When you buy equity (or stock), you are taking ownership of a small part of a particular company. If that company increases in value, the value of your equity also increases. Equity is bought and sold in the form of shares.
Share trading example
ABC Limited is a privately owned company that is currently worth £10,000,000. The owners want to raise some money so that they can expand the business overseas.
To do this, they sell a portion of the business by issuing stock at £2 per share. This means ABC becomes publically listed (so is called ABC plc). You decide it looks like shrewd investment so you buy £10,000 worth of stock. At £2 per share that gives you 5000 shares, or a 0.1% stake in the company.
Your investment turns out to be a good one. By the time ABC releases its first annual earnings report, its share price has risen to £3 and your investment has grown to a value of £15,000. You can now either sell your shares, or hold onto them in the hope of future profits.

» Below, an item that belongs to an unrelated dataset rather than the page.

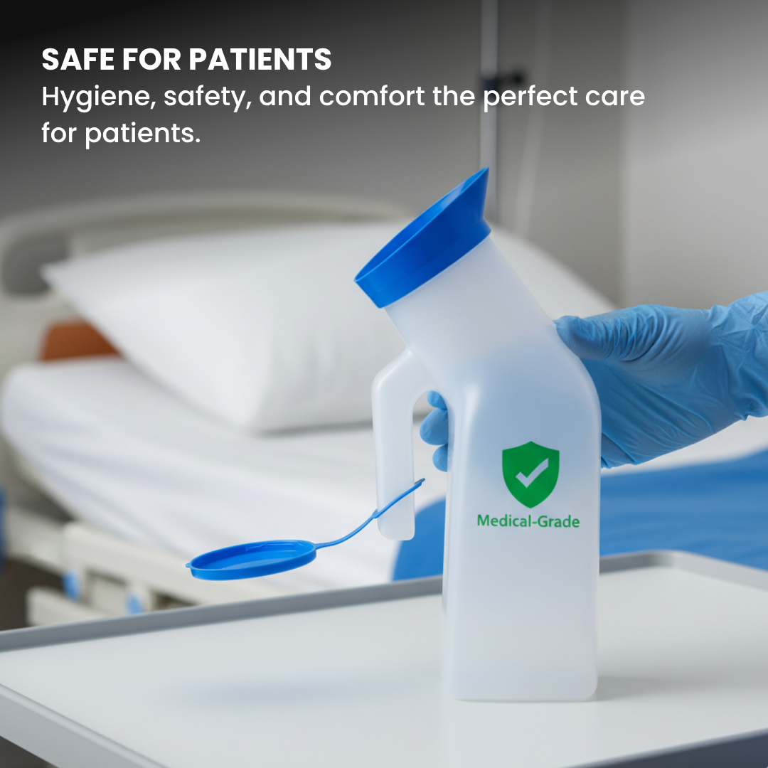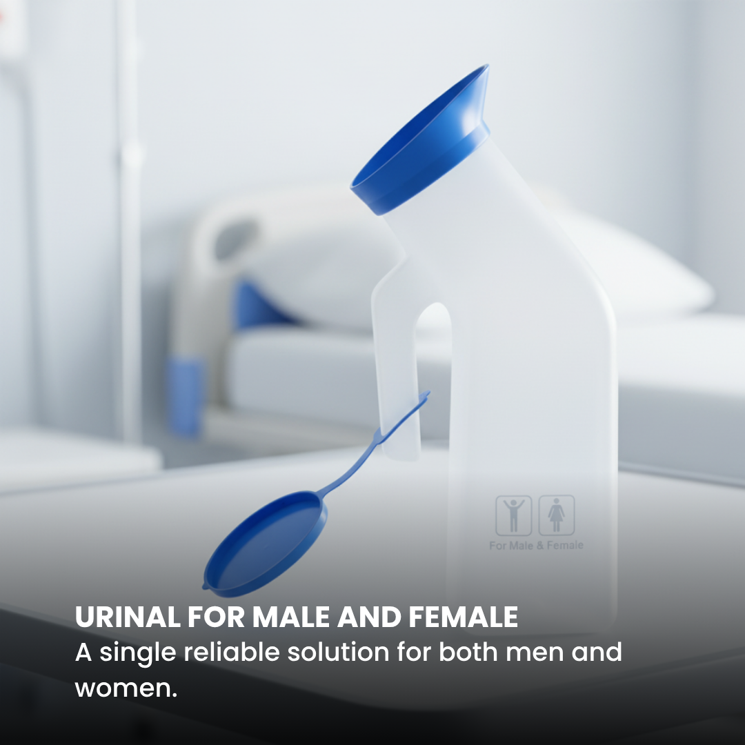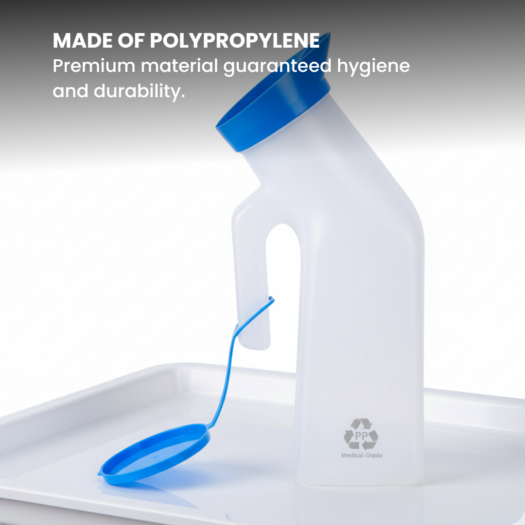 Durable polypropylene unisex urinal with 1000 ml capacity safe, lightweight, and convenient for male and female patients in hospitals, home care, or travel.

However, share prices can go down as well as up and if ABC plc had gone down in value you could have lost money. For that reason, it is incredibly important to research both the company you are thinking of investing in and their wider industry before you buy any shares.
What are dividends?
Dividends are the share of a company’s profits that get paid out to shareholders. Using dividends, you can make money from shares without having to buy and then sell them for profit.
Dividends are usually paid by a business out twice a year. How much you get is dependent on how much profit the business makes, how much they have agreed to distribute to shareholders, and how many shares you own.